Oireachtas Joint and Select Committees

Wednesday, 2 May 2018

Committee on Budgetary Oversight

Public Service Performance Report 2017: Discussion

2:00 pm

Photo of Eamon RyanEamon Ryan (Dublin Bay South, Green Party) | Oireachtas source

I appreciate the presentation. I may have got out of the wrong side of the bed this morning such that the witnesses should take what I am about to say with that caveat. I love the Irish Civil Service. If I was advising my children on their career options, I would tell them to into the public service or the Civil Service because young people can avail of major opportunities and learn a great deal by doing so.

On the question of how I would grade this report in terms of feedback, I could not even give it a D. To be honest, I would give it an F in terms of what it does for me in providing feedback on public service performance. There is interesting material in this report. I hear from a lot of civil servants that the Department of Public Expenditure and Reform has done particularly well in the management of the crisis in terms of its own budget expenditure. I note that pay expenditure in that Department has increased by 25% in the past five years while one of the Departments in which I am interested, the Department of Communications, Climate Action and Environment, has remained static in that time. I note that the average pay for civil servants in the Department of Public Expenditure and Reform is €49,000, whereas in the Department of Communications, Climate Action and Environment it is €39,000. The same applies in respect of the Department of Finance. It is a qualitative assessment of the characteristics of our public service that the real power lies within the Department of Public Expenditure and Reform and I note that.

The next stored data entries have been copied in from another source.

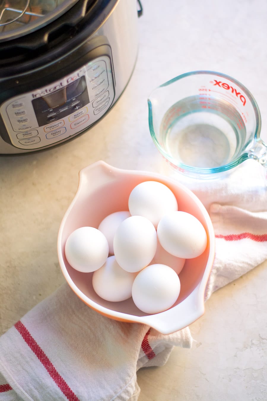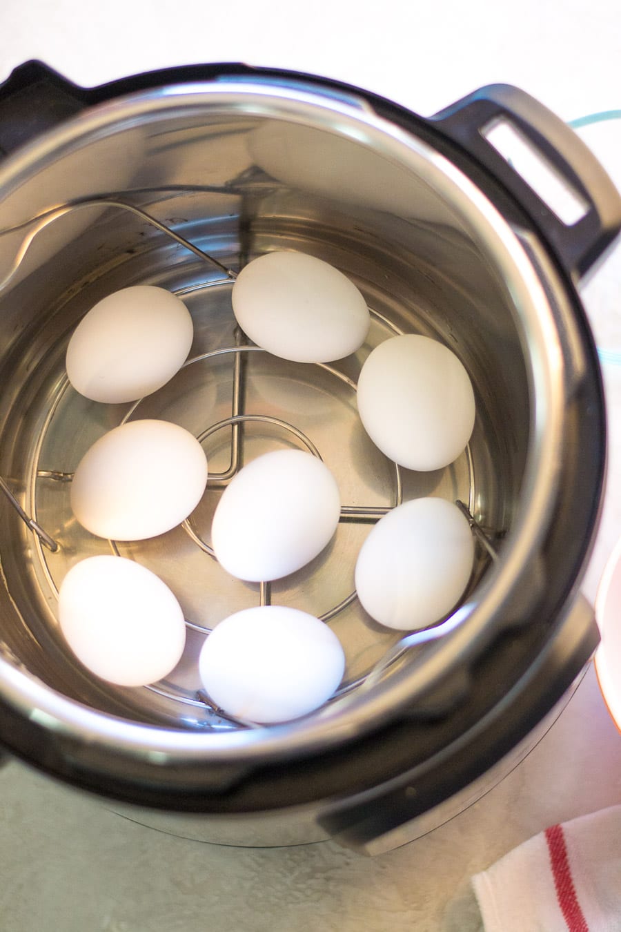 The reason I recommend older eggs is because the fresher the egg, the harder they are to peel. I also pull the eggs right out of the fridge and place them into the Instant Pot cold.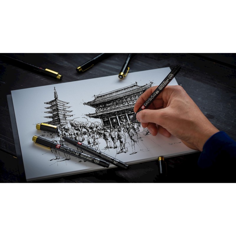 Set di 10 penne nere Pigma Micron. Le penne Pigma Micron sono fineliner impermeabili e permanenti che vengono utilizzati fedelmente da designer, scienziati, archivisti, artisti manga, fumettisti, illustratori e hobbisti.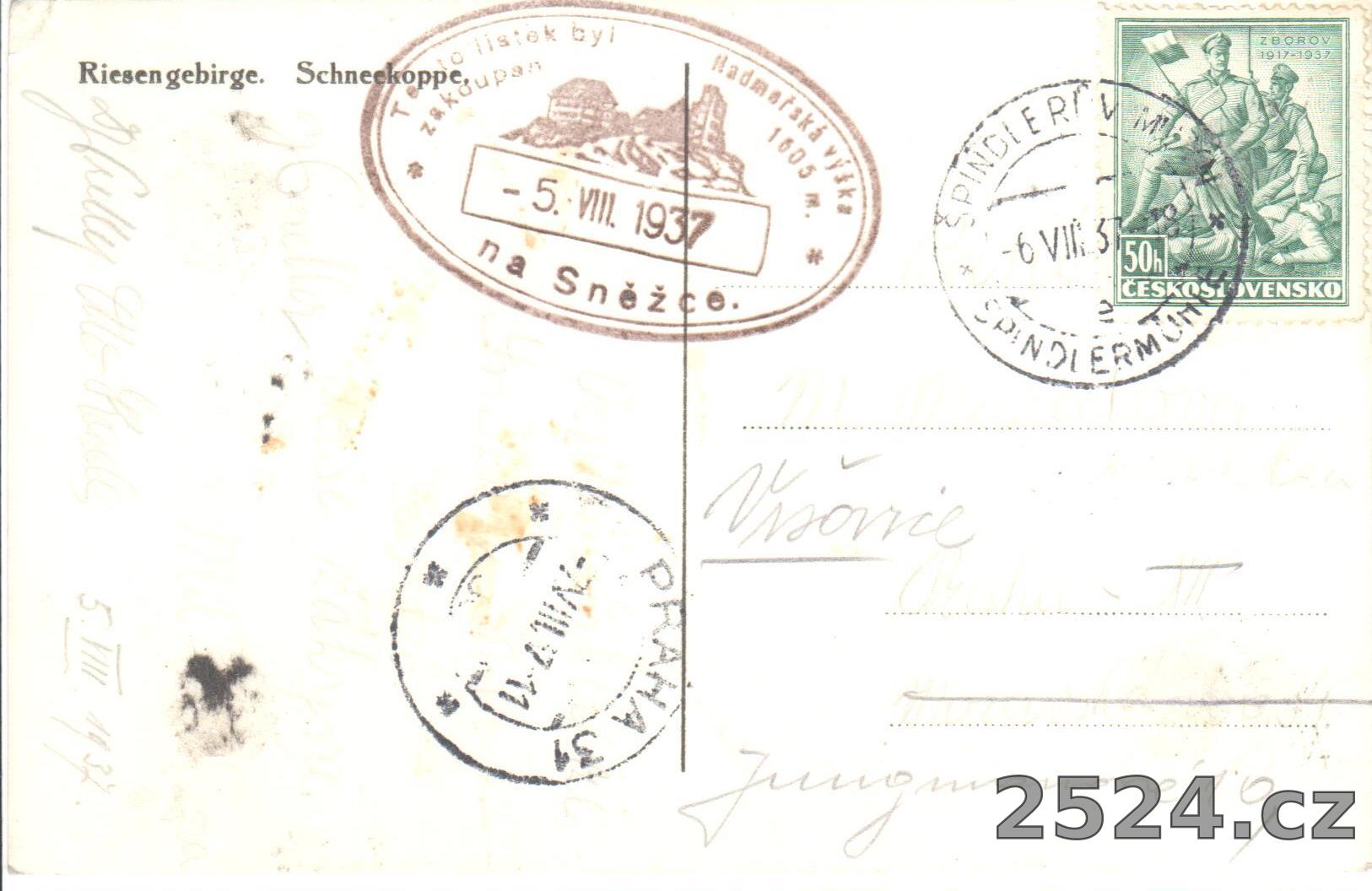 Popis: prošlá 1937; razítko z vrcholu

This review does not tell me how we are moving from relying on generalists to specialists, which is a strategic issue in terms of our thinking on how our public service develops. I would like to know the background of the type of people we are taking into the public service and the staff turnover within Departments, including those that have a high staff turnover and those with a low staff turnover. This report does not tell me any of this type of qualitative information. It provides only the bare figures in terms of the pay and pensions bill but I would like more qualitative information on our civil servants. For example, I would like to know how many are coming in from other organisations, how many are leaving to go to other organisations, the average length of time staff remain in Departments and so on.

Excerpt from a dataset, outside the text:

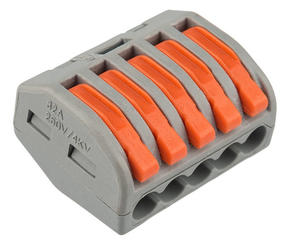 Соединительная многоразовая клемма REXANT на 5 проводников с плоско-пружинным зажимом предназначена для подсоединения медных одножильных и многожильных зачищенных проводников тонкого сечения Перед монтажом с соединяемых проводников необходимо снять изоляцию в соответствии с обозначениями на корпусе клеммы (9-12 мм) Зачищенный участок с монтажной стороны не должен иметь сильных изгибов. Вставьте его в свободное гнездо клеммы, предварительно подняв оранжевый рычажок, после этого опустите рычажок в исходное положение Контакт осуществляется путем зажима проводника пластиной Конструкция предотвращает случайное размыкание контакта Специальное технологическое отверстие на корпусе клеммы предназначено для проверки соединения тестером-пробником или щупом мультиметра Корпус из пластика делает контакт изолированным Извлечение проводника (демонтаж) осуществляется действиями в обратном порядке 60,00 ₽ / шт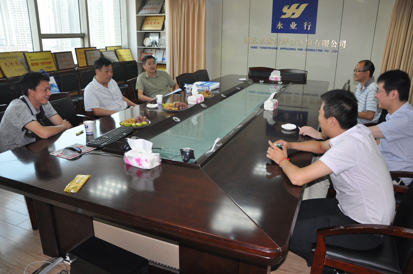 7月11日,长江水利委员会(简称“长委”)机关财务局丁自力处长、魏波科长莅临永业行考察交流。 房地产评估二部副总经理何才丽、经理涂晶、助理经理艾妮热情接待了丁处长一行。丁处长、魏科长观看了永业行专题片,何总就内部资产核定资产量这一项目相关技术方案作了汇报,双方就该项目的评估范围和技术方法进行了细致交流。丁处长对永业行技术人员前期开展的调查工作及制定的项目方案表示充分肯定,并表示希望与永业行进一步拓宽业务合作领域。

There is much discussion around disclosure in the area of health. As a matter of principle, all data relating to the public service should be publicly available at the touch of a button. If there are road works taking place in a particular area, for example, I would like to be able to quickly find out, via the Internet, the name of the contractor, when the contract was written and so on. We should be disclosing everything we do unless we are restricted from doing so on foot of data protection or security reasons. All of the material and figures in this report should, by definition, be available in order that we can assess it, but that is not the case.

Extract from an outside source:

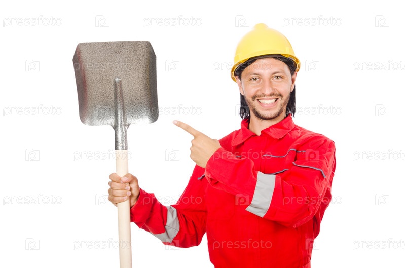 Человек в красном комбинезоне с лопатой

I will explain why I give this report an F grade. I am interested in a number of areas covered in the report. In respect of to the Department of Culture, Heritage and Gaeltacht Affairs, for example, the report states, in the context of North-South co-operation, that the number of organisations supported by the Ulster Scots agency is up by 95 to 374. Everyone knows that North-South co-operation is in dire straits and that this data tells us nothing. I have real concerns about the state of the Irish language. I hear regularly from people in the Gaeltacht that the language is dying. There are no young children speaking Irish but one gets no sense of this from the data provided in the report. According to the information it contains, attendance at clubanna óige is up by 71 to 1,300. What does this mean in the real world where the Gaeltacht areas are dying?

On heritage, I read a brilliant article yesterday written by Pádriac Fogarty of the Irish Wildlife Trust. It is a damning indictment of the destruction of our environment that is currently taking place, with widespread loss of species and destruction of habitats. The latter as been going on for a long time but is now reaching a critical point. I get no sense of that from the report in terms of the data it provides regarding payments towards cessation of turf cutting on designated sites and so on. What Deputy Lisa Chambers said is true. What is the impact of what is happening? This is difficult to assess because some of the issues, including the health or otherwise of our Gaeltacht, are long-term. One cannot apportion success or failures in this regard to public service performance but these are the metrics by which we should be testing.

EUROSTAT published another major report yesterday. The report in question shows that Ireland is the worst when it comes to the generation of plastic waste. We produce an average of 61 kg each in plastic waste every year, which is twice the European average and 10 kg per person above the next worst country. There is none of that information in this report. I would be ambitious and say that if we are interested in carrying out performance reviews, then the report should refer to international comparisons - including in respect of where we stand in European league tables - and five, ten, 20 and 50-year trend diagrams and analysis. A mere tabular listing of how many organisations are supported by the Ulster Scots Agency, which is the quality of a lot of this material, does not tell me anything.